An env called ms_env can be created with:

conda create -n ms_env python=3.9 pip jupyter numpy pandas mdanalysis tqdm pytorch networkx cudatoolkit=11.7 matplotlib scipy plotly

The env can be accessed with:

conda activate ms_env

The installed packages can be checked (in the active env) with:

conda list

Morphoscanner installation

Morphoscanner Installation as Package

Inside the active env, you can install morphoscanner with:

pip install git+https://github.com/lillux/morphoscanner.git#egg=morphoscanner

morphoscanner will be installed in your env. You can now use morphoscanner from your IDE or Python Console.

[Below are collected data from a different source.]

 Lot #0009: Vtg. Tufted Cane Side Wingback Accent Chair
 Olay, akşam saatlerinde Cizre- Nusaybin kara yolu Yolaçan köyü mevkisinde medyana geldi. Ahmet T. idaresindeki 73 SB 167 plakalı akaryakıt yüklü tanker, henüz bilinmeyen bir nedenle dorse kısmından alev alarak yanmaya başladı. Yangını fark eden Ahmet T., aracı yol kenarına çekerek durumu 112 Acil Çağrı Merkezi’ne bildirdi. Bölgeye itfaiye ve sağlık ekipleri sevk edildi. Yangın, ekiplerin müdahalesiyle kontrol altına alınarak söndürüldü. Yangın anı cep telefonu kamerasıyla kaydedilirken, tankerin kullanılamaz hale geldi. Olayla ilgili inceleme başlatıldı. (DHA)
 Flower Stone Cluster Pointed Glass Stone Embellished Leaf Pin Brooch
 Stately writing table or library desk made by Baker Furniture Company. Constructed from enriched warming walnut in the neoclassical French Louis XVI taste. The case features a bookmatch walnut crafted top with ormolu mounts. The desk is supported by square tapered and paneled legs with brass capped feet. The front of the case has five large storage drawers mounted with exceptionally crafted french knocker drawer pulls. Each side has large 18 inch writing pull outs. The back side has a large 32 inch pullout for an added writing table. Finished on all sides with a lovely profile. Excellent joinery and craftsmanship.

Install non-default branches

Branches other than the default branch can be installed adding the name of the branch that you want to download, like @branch_name, after the repository url. For example, to download the dev branch:

pip install git+https://github.com/lillux/morphoscanner.git@dev#egg=morphoscanner

Getting started

Using Morphoscanner as a Python package is straightforward, leveraging MDAnalysis I/O engine.
The first step is to import morphoscanner:

from morphoscanner.trajectory import trajectory

The system configuration (.gro in GROMACS) and trajectory files (.xtc or .trr in GROMACS) path is needed:

_gro = '/path/to/your/gro'
_xtc = '/path/to/your/xtc'

Create the trajectory class instance:

trj = trajectory(_gro, _xtc)

Multiple consecutive trajectory can be merged and read as a single trajectory:

trj = trajectory(_gro, (_xtc1, _xtc2, _xtc3))

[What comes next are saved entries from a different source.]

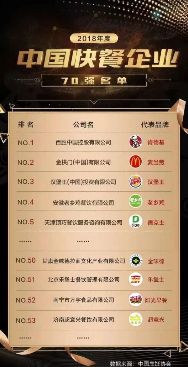 10月11日,中國快餐產(chǎn)業(yè)大會于大連召開,中國烹飪協(xié)會在會上頒布了“2018年度中國快餐70強榜單”。這個榜單的Top 3是再熟悉不過的面孔:肯德基(百勝中國,旗下還有必勝客等)、麥當(dāng)勞(金拱門)、漢堡王。
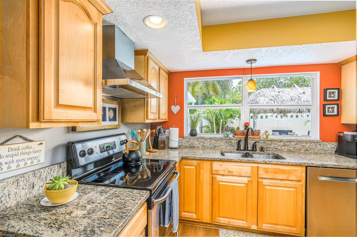 Bienvenue dans une oasis privée au ❤️ de la Space Coast de Floride, parfaite pour l'aventure ou simplement pour se détendre ! 🌺 Évadez-vous au paradis : vous y trouverez une retraite luxuriante dans l'arrière-cour avec des palmiers tropicaux et des fleurs vibrantes, créant le décor pour des journées ensoleillées parfaites. Vous apprécierez les chaises Adirondack, les chaises longues et le barbecue pour une expérience en plein air ultime. 🏊♀️🌴 Les 3 chambres ont des lits de luxe avec des matelas extrêmement confortables. 🐕 Notre jardin clôturé est un havre de paix pour vos bébés à fourrure.
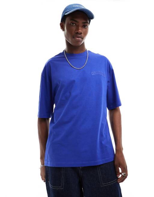 COLLUSION – Niebieski T-shirt z haftowanym napisem w uczelnianym stylu
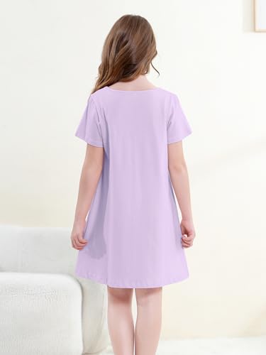 QZH.DUAO Girls Nightgowns 100% Cotton Short Sleeve Sleep Shirts Nightdress Sleepwear 5-14 6
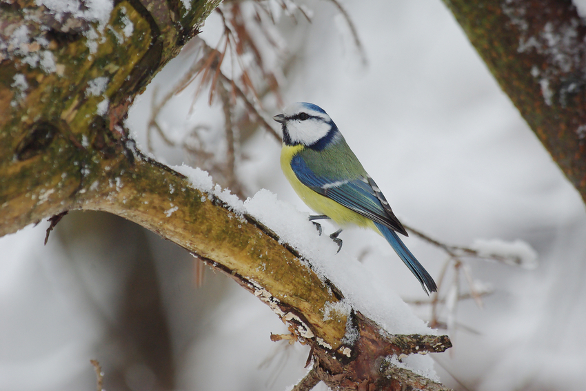 Modraszka, to jeden z gatunków sikor, które łatwo zaobserwować zimą w mieście.
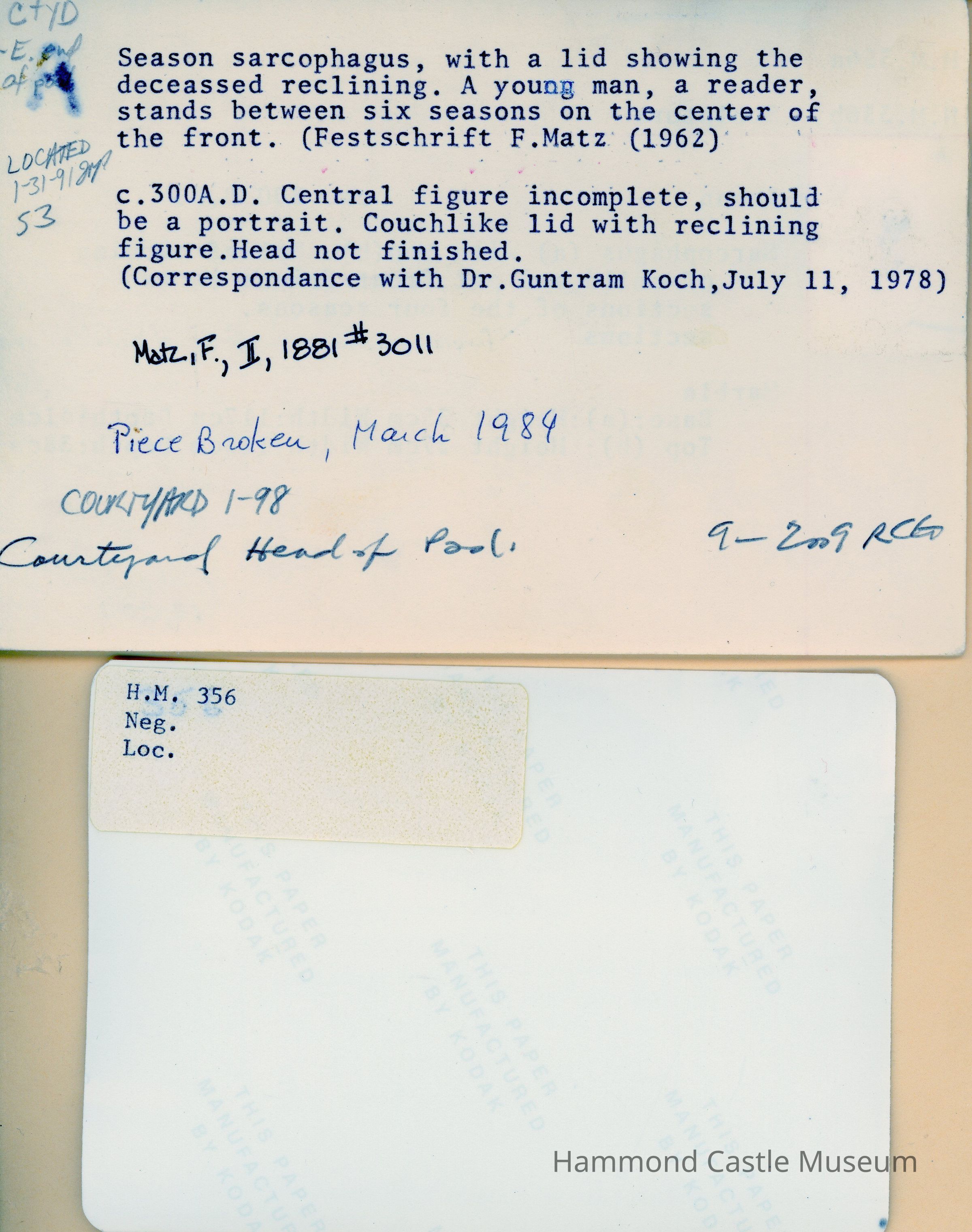 HM356 a&b Season Sarcophagus (1984 condition report, vandalism)Note Type
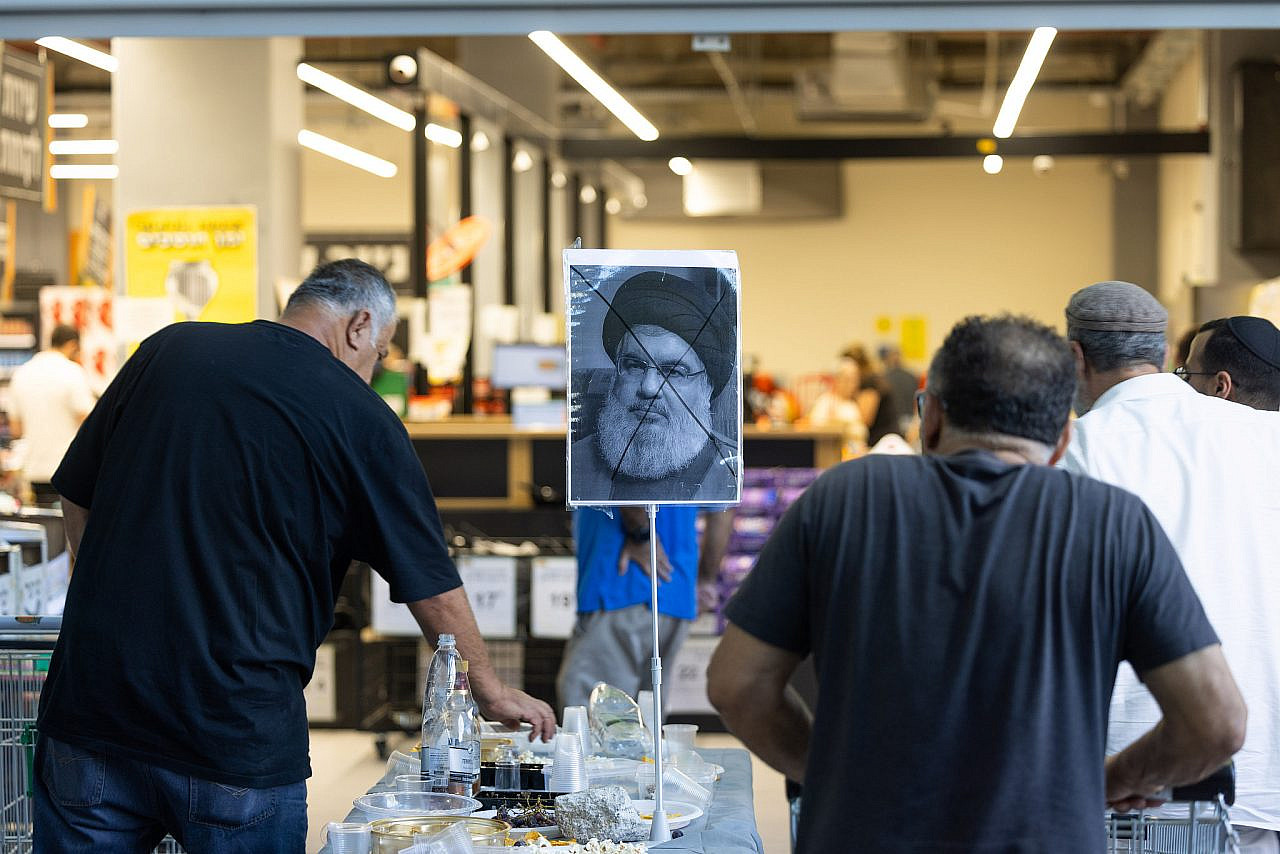 Une photo du leader du Hezbollah Hassan Nasrallah avec un X sur son visage est vue sur une table avec des boissons et de la nourriture pour célébrer son assassinat à l'extérieur d'un supermarché à Jérusalem, le 29 septembre 2024. (Yonatan Sindel/Flash90)
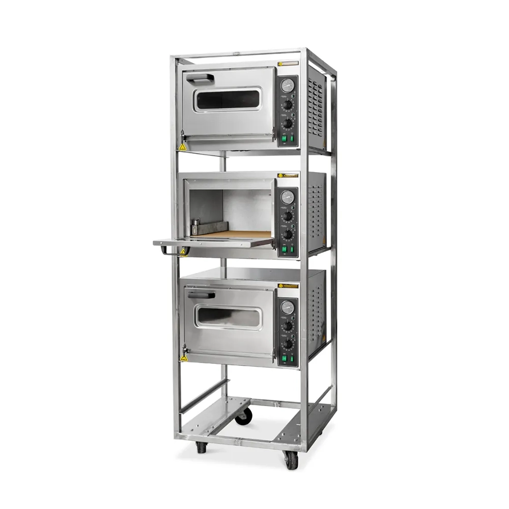 Het is mogelijk om er een bijpassend rek bij te leveren. De prijs van een dergelijk rek bedraagt € 395,- incl. btw. De hoogte van het rek, en ook de hoogtes van de oven(s) is nader te bepalen (elk rek wordt op maat gemaakt).

Specify the frame sampling.
The frame in the trajectory can be sampled.
To sample all frames just leave sampling_interval=1. The value you assign to sampling_interval is the number of frame you want to skip for each sampled frame. The value should be an int:

interval = 2
trj.compose_database(sampling_interval = interval)

Analyze the simulation dataset (this can take some time):

trj.analyze_inLoop()

Retrieve the data:

trj.get_data()

Show the database with the results of the analysis:

trj.database

A pandas.DataFrame will be shown at the end of the analysis.

The database can be saved as an excel file, leveraging pandas:

Set an output path:

output_path = 'path/to/your/directory'

Set the name of the file:

file_name = 'name_of_the_output_file'

Export the database with .xlsx file extension (you need to install openpyxl):

trj.database.to_excel(output_path, sheet_name=file_name)

Plotting results

The obtained data can be visualized with plotting functions.
Interactive visualization can be enabled in jupyter-notebook with:

%matplotlib notebook

To deactivate interactive visualization:

%matplotlib inline
  • Plot the number of aggregate in the sampled timesteps:
trj.plot_aggregates()
  • Plot the ratio of contacts antiparallel/(parallel + antiparallel) in the sampled timesteps:
trj.plot_contacts()
  • Plot one of the sampled frames, visualizing the aggregate with a color code that define the sense of the majority of the contacts in that aggregate.
    Green: majority of parallel contacts.
    Blue: majority of antiparallel contacs.
    Yellow: equal number of parallel and antiparallel contacts.
    Gray: no contacts.
trj.plot_frame_aggregate(frame: int)
  • Plot the graph of one of the sampled frames with qualitative visual indications.
    Edge thickness: thickness proportional to the number of contacts between the two petides (nodes).
    Edge green: parallel contact.
    Edge blue: antiparallel contact.
trj.plot_graph(0)

Additional data

Additional data can be found in:

trj.frames[frame]

This is a dict that contains a dict for each sampled and analyzed frame, with the data computed during the analysis.

Complete functionalities

An in deep review of morphoscanner functionalities can be found in the morphoscanner tutorial.